HOW TO COMPLETE THIS TASK.
Below are records with pictures; copy word for word only the lines between the line with "Steam客户端默认自动选择" and the line with "HODOSPORTS Boys Swim", inclusive, and drop the pictures.

GIVEN RECORDS.

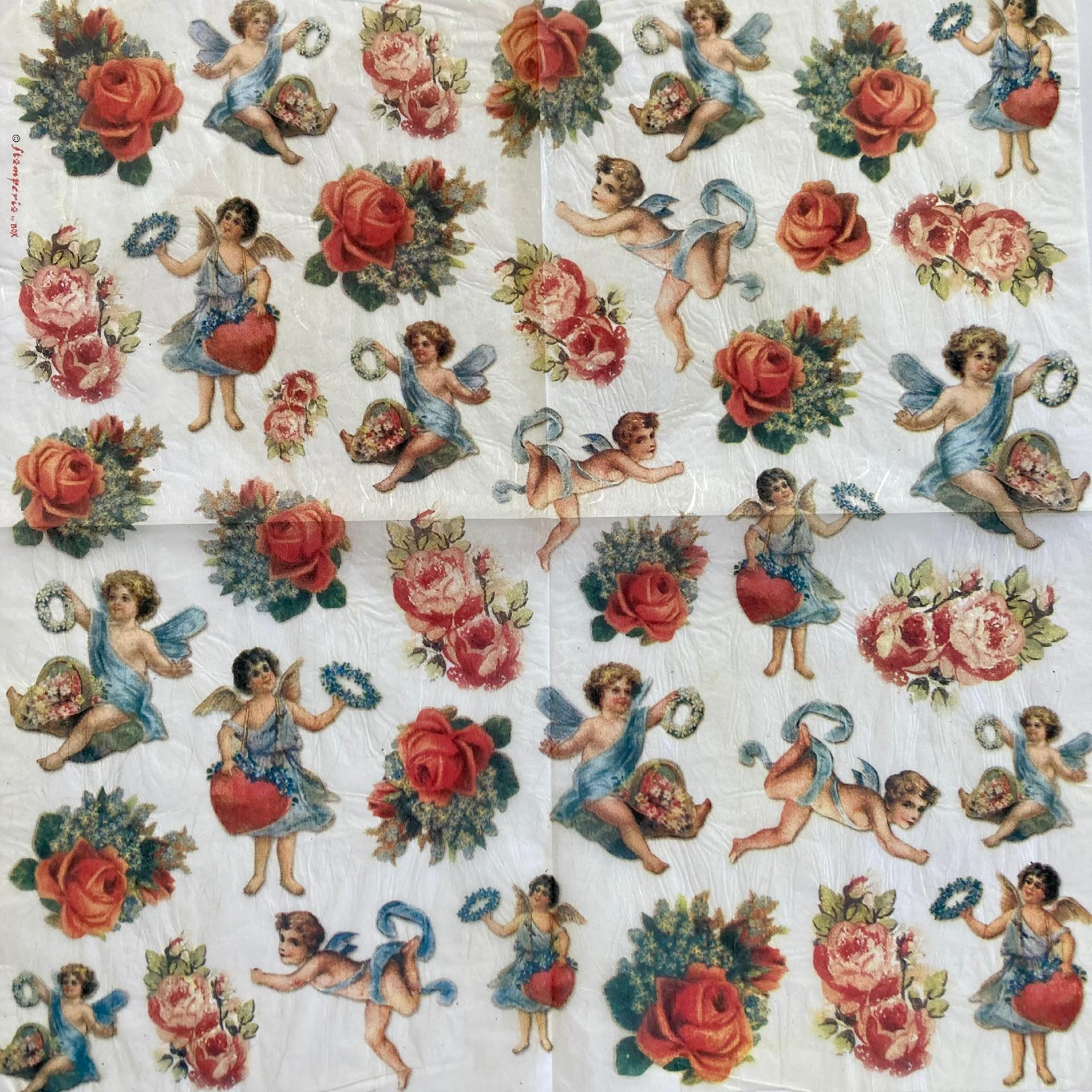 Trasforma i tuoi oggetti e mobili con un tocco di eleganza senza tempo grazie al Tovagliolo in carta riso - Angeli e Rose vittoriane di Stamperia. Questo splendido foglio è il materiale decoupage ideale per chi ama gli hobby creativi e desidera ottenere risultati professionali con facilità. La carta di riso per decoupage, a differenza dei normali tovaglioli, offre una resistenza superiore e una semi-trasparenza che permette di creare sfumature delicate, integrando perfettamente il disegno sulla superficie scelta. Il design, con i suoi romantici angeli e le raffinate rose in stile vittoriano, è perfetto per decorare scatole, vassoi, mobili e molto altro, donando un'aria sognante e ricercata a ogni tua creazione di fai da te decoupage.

...

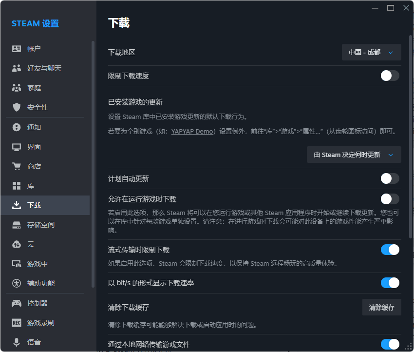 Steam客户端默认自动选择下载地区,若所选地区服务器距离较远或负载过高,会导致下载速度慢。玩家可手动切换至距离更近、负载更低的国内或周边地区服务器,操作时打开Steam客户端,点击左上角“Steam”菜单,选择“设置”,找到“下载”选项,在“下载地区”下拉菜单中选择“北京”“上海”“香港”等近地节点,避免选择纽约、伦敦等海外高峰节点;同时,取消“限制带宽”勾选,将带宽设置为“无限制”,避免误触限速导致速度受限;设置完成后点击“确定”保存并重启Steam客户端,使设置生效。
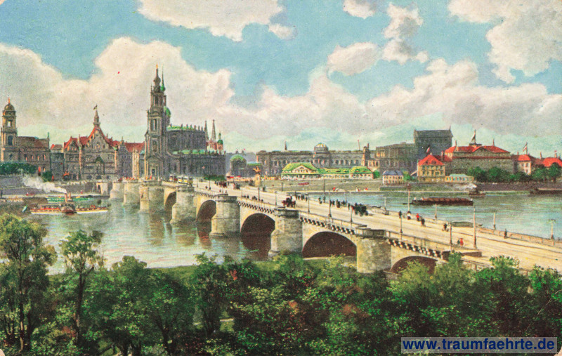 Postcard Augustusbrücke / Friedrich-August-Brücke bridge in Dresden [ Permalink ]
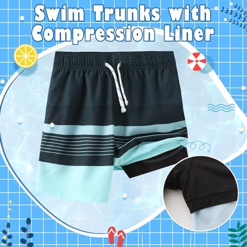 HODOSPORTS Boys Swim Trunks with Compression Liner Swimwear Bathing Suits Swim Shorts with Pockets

* * *

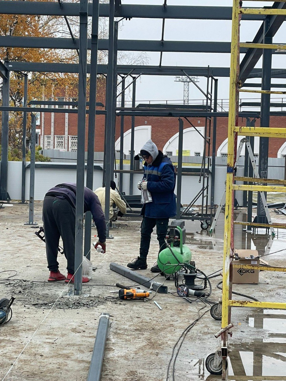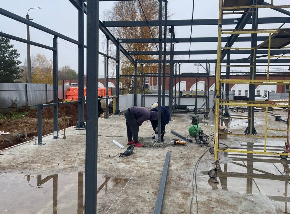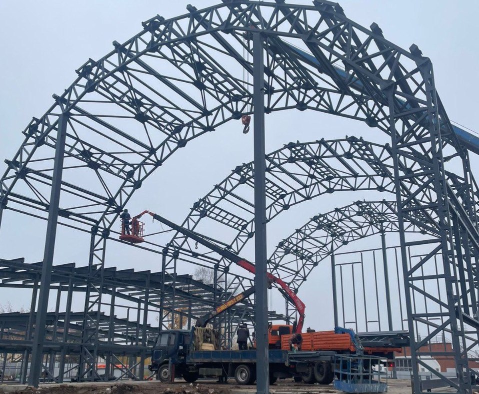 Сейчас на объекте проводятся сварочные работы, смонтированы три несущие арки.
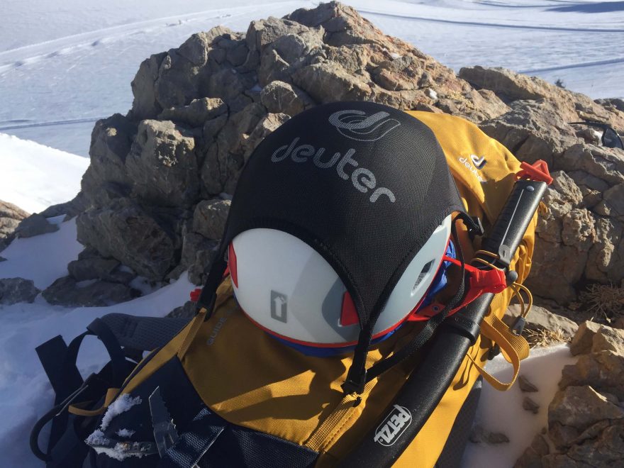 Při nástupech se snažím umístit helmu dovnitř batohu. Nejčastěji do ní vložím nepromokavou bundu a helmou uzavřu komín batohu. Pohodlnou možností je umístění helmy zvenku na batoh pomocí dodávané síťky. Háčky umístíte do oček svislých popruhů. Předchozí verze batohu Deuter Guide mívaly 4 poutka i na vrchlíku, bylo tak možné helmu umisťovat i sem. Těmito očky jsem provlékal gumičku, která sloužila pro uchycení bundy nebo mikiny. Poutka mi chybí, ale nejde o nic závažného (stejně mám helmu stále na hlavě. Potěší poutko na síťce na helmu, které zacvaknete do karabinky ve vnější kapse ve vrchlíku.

EXERCISE SOLUTION.
 Steam客户端默认自动选择下载地区,若所选地区服务器距离较远或负载过高,会导致下载速度慢。玩家可手动切换至距离更近、负载更低的国内或周边地区服务器,操作时打开Steam客户端,点击左上角“Steam”菜单,选择“设置”,找到“下载”选项,在“下载地区”下拉菜单中选择“北京”“上海”“香港”等近地节点,避免选择纽约、伦敦等海外高峰节点;同时,取消“限制带宽”勾选,将带宽设置为“无限制”,避免误触限速导致速度受限;设置完成后点击“确定”保存并重启Steam客户端,使设置生效。
 Postcard Augustusbrücke / Friedrich-August-Brücke bridge in Dresden [ Permalink ]
 HODOSPORTS Boys Swim Trunks with Compression Liner Swimwear Bathing Suits Swim Shorts with Pockets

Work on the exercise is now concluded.